Decir siempre la verdad es bueno para la
reputación y peligroso para una carrera. Mentir es un arte, y la vida
profesional un campo fértil para su cultivo.
Primero florece una mentirita, que es
percibida y aceptada como una metáfora. Todo el mundo sabe que la frase “Se me
pinchó la llanta” no siempre quiere decir exactamente eso. Y, si “Fui a un
velorio” fuese siempre cierto, Brasil ya estaría despoblado. Estas son
mentiritas inocentes que evitan explicaciones muchas veces embarazosas y, casi
siempre, inútiles.
Después viene la mentira útil. Ella es usada
cuando decir la verdad no ayuda y puede atraparnos: “Bonita corbata jefe”, por
ejemplo. ¿Por qué no decir que aquellos diseños rojos sobre un fondo
amarillo-diarrea parecen amebas en celo? Cuando alguien me dice “Excelente memorando”,
yo me quedo aliviado porque sé que no existen memorandos excelentes: o son
prácticos o son confusos, nada más.
El siguiente nivel es el de la mentira
elaborada. Al contrario de sus antecesoras, esta tiene reglas:
_ La verdad es muy
complicada.
_ Nadie saldrá perjudicado._ La posibilidad de que la verdad salga a la luz es casi nula.

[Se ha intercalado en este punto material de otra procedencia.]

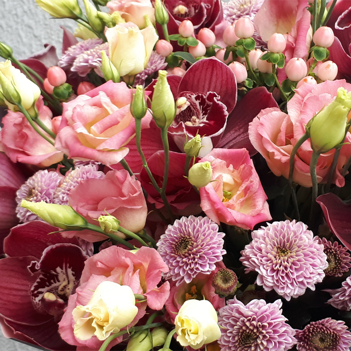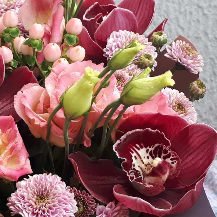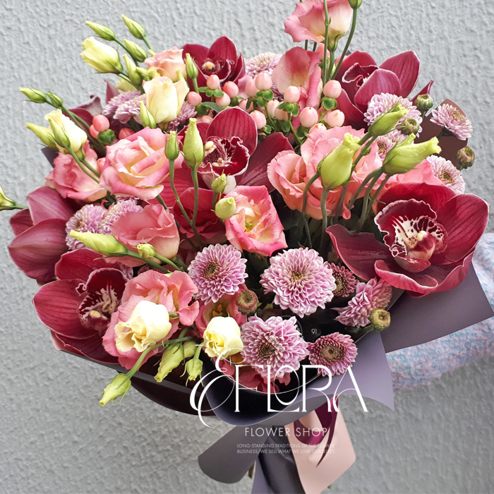 - Нарядный букет из 7 цветков розовой или бордовой орхидеи с эустомой и мелкими шариками хризантемы в декоративной упаковке. Удивит и порадует любую девушку. Букет без роз, все цветы имеют высокую вазостойкость. Букет долго простоим в вазе. Возможна доставка в Минске и в городах Беларуси.
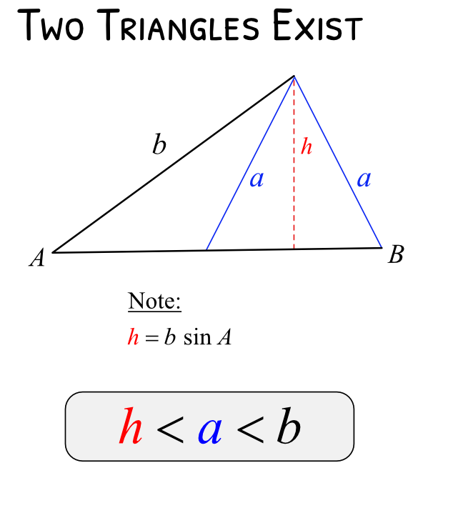 2 solutions – when two different triangles can be formed (ambiguous case)
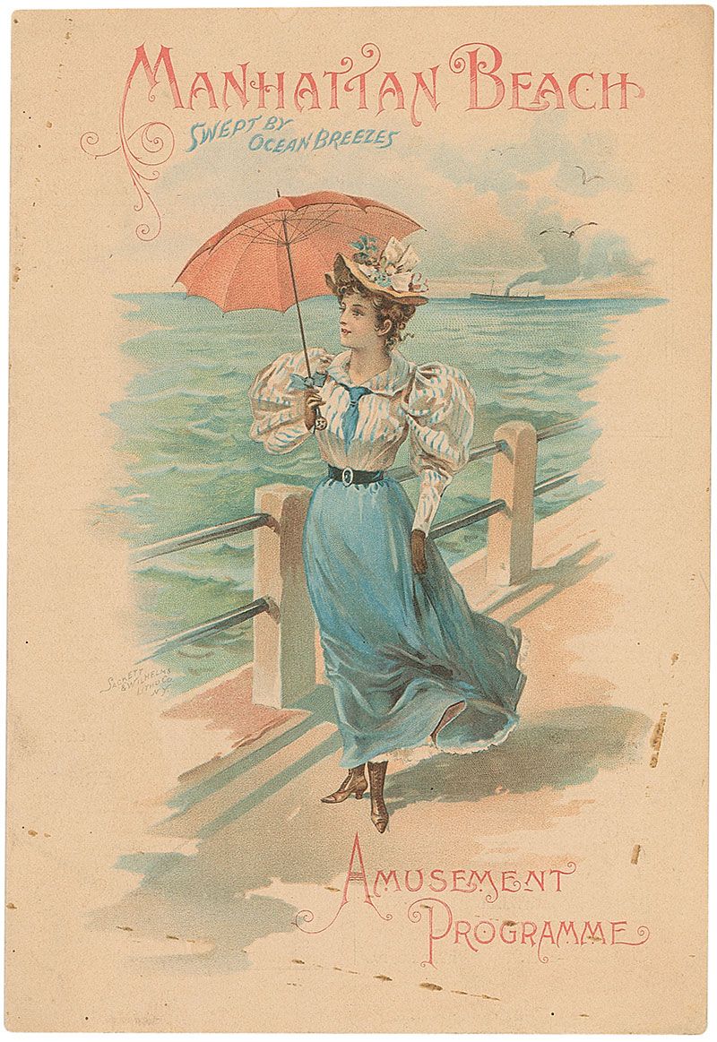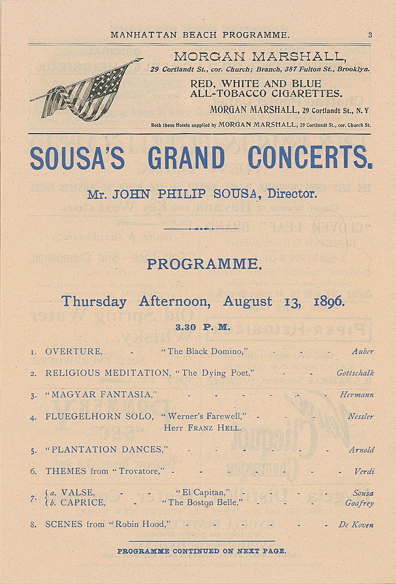 Unsigned “Manhattan Beach Amusement Programme,” 6.75 x 10, 17 pages, with two pages featuring the concert program for “Sousa’s Grand Concerts” on August 13, 1896. Scattered toning and soiling to the cover, and a light central vertical bend, otherwise fine condition.
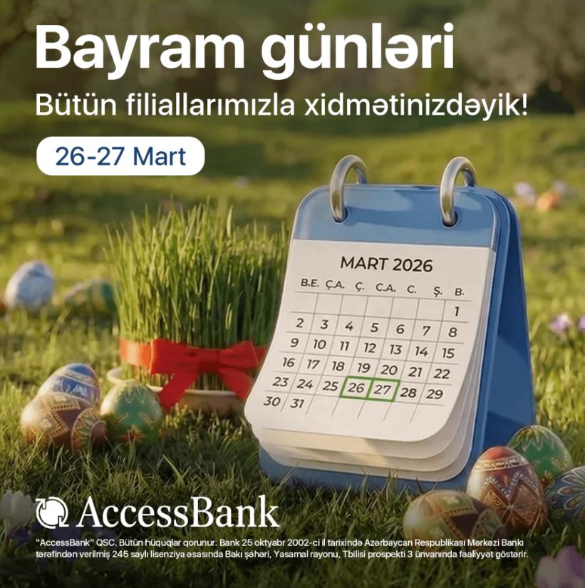 Qeyd olunan tarixlərdə müştərilər AccessBank filiallarına müraciət edərək bank məhsul və xidmətlərindən rahat şəkildə yararlana biləcəklər.

La aplicación práctica: en la frase “estuve
en Fortaleza investigando el mercado”, el tramo “Estuve en Fortaleza” es
cierto. Ahora, “investigando el mercado” puede hasta tener una verdad
comprobada por coartadas burocráticas como facturas, boletas, cuentas de hotel
y restaurantes, pero lo que fue realmente “investigado” queda solo entre él,
ella y las dunas.
Eso sí: la peor de todas las mentiras es
aquella que es descubierta. Hace unos meses, participé de un interrogatorio que
me hacía recordar la Santa Inquisición. El reo era un colega de hace años, un
benefactor que hacía donaciones generosas a nombre de la empresa.
Solo que la limosna era mucha y el santo desconfió.
El beneficiario de tanta caridad parecía ser el propio caritativo.
Mi colega era de aquellos que jamás olvida la
regla número uno del arte de mentir: “Niegue”. En su caso, ya era una negación
de la realidad. Faltaba poco para que él sea tragado por el sistema y se
reencarne en uno de esos currículos que vagan por ahí, pero le quedaba la
compostura de los caraduras. Hace una semana, él me llamó. Había conseguido
construir una historia brillante, que explicaba todo, sin dejar ninguna cosa
suelta y quería mi ayuda para esclarecer los hechos de una vez por todas. ¿Yo?
De repente, me puedo convertir en cómplice. Al final, la vida profesional es
una caña de pescar, y sé en cual de los dos extremos quiero estar.